= United States v. Ike Brown =

In 2006, the United States Department of Justice alleged in United States v. Ike Brown that the Noxubee County Democratic Executive Committee, in Noxubee County, Mississippi, headed by Ike Brown, had violated the Voting Rights Act of 1965 (VRA) with regards to the county's white minority. The suit alleged that Brown, the chairman of the Committee, had conspired to orchestrate "relentless racial discrimination" against white voters. This was the first time the VRA had been used to allege discrimination against whites.

On June 29, 2007, United States District Judge Tom S. Lee ruled that Brown (a twice-convicted felon), in conjunction with the Noxubee Democratic Executive Committee, had "manipulated the political process in ways specifically intended and designed to impair and impede participation of white voters and to dilute their votes." The 104-page opinion held that the Voting Rights Act is a colorblind statute and protects all voters from racial discrimination, regardless of the race of the voter. The Court ruled that the Noxubee County Democratic Party had an illegal intent to discriminate against white voters in violation of Section 2 of the VRA.

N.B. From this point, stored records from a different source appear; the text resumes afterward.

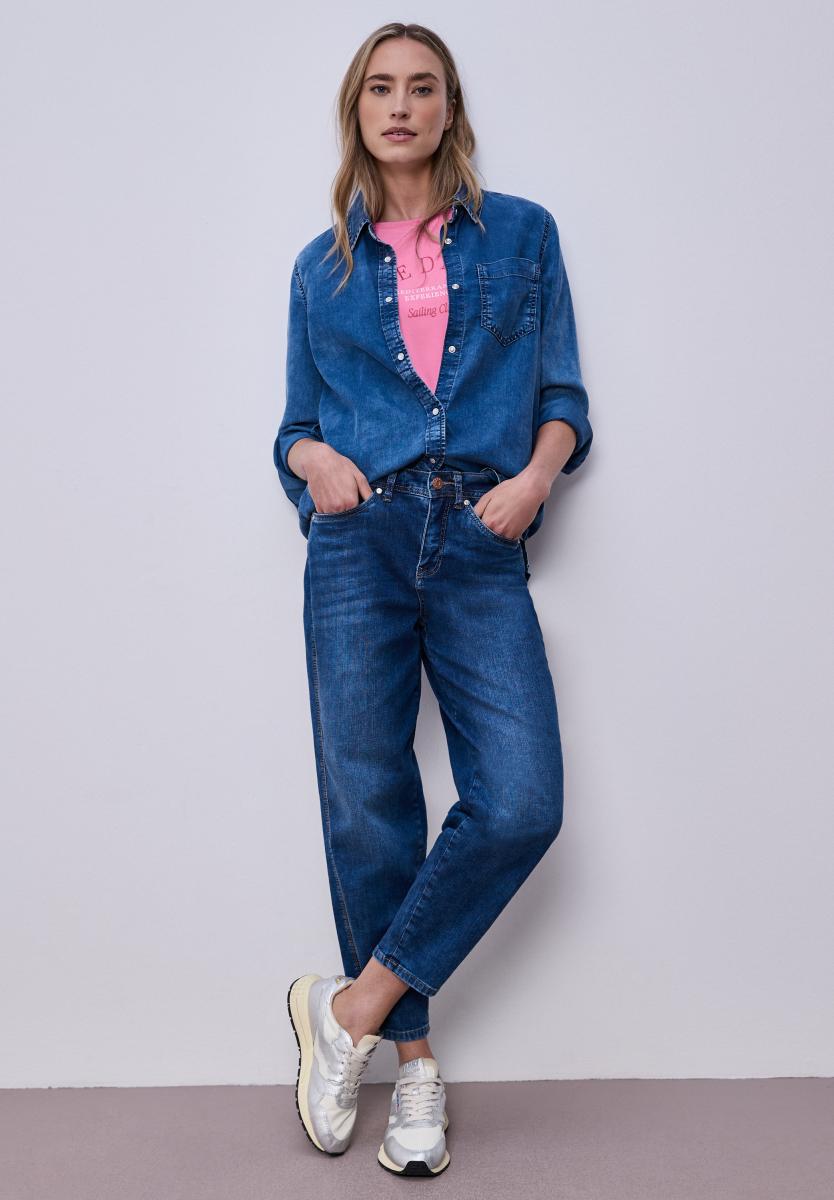 Das T‑Shirt von Street One für Damen bringt mit seinem Wording‑Artwork eine trendige Note in deinen Alltag. Die leichte Viskosequalität mit Stretchanteil fällt weich und sorgt für ein besonders angenehmes Tragegefühl. Der Rundhalsausschnitt und die Kurzarmform runden den lässig‑femininen Look ab. Ein stilvolles Shirt, das vielseitig einsetzbar ist.
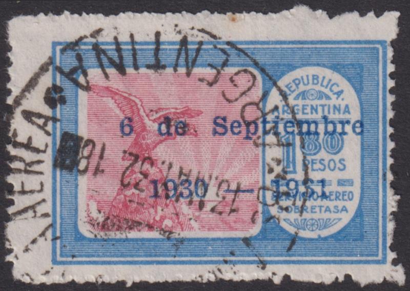 253 U imageBirds: Argentina 1931 1P80c "6 de Septembre 1930-1931" ovpt on 1928 Air (condor on mountain top) red & blue. SG 627. Cat £34. FU. (Image)
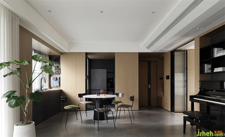 开放式空间布局,LDK一体化设计,餐厅飘窗的合理利用,深圳天健天骄装修设计以及钢琴“抠出”墙面空间妥善放置,加入多功能房的设计,满足日常办公、临时居住等需求,空间得到高效且合理的利用,生活便捷且舒适。
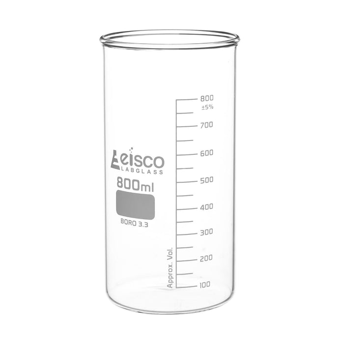 Berzelius Tall Form Beaker with 800mL capacity is made from heavy-duty borosilicate 3.3 glass. Uniform, tall walls are ideal for heating & stirring during titrations, and the smaller diameter makes it easier to handle than low form beakers of the same volume. It features white enamel markings every 50mL and labeled graduations every 100mL. Conforms to DIN 12331 and ISO 3819 standards. Beaker lacks a pouring spout, making it ideal for cooking glass, collecting vessels, and for preparing, mixing and heating solutions.

The United States entered in a consent decree with the Noxubee County superintendent of general elections, administrator of absentee ballots, registrar, and the county government. The consent decree prohibited a wide range of discriminatory and illegal voting practices, and required these officials to report such incidents if they received information that they were continuing. This consent decree was approved by the district court and filed simultaneously with the filing of the complaint. Brown told The New York Times that he had not signed any such papers.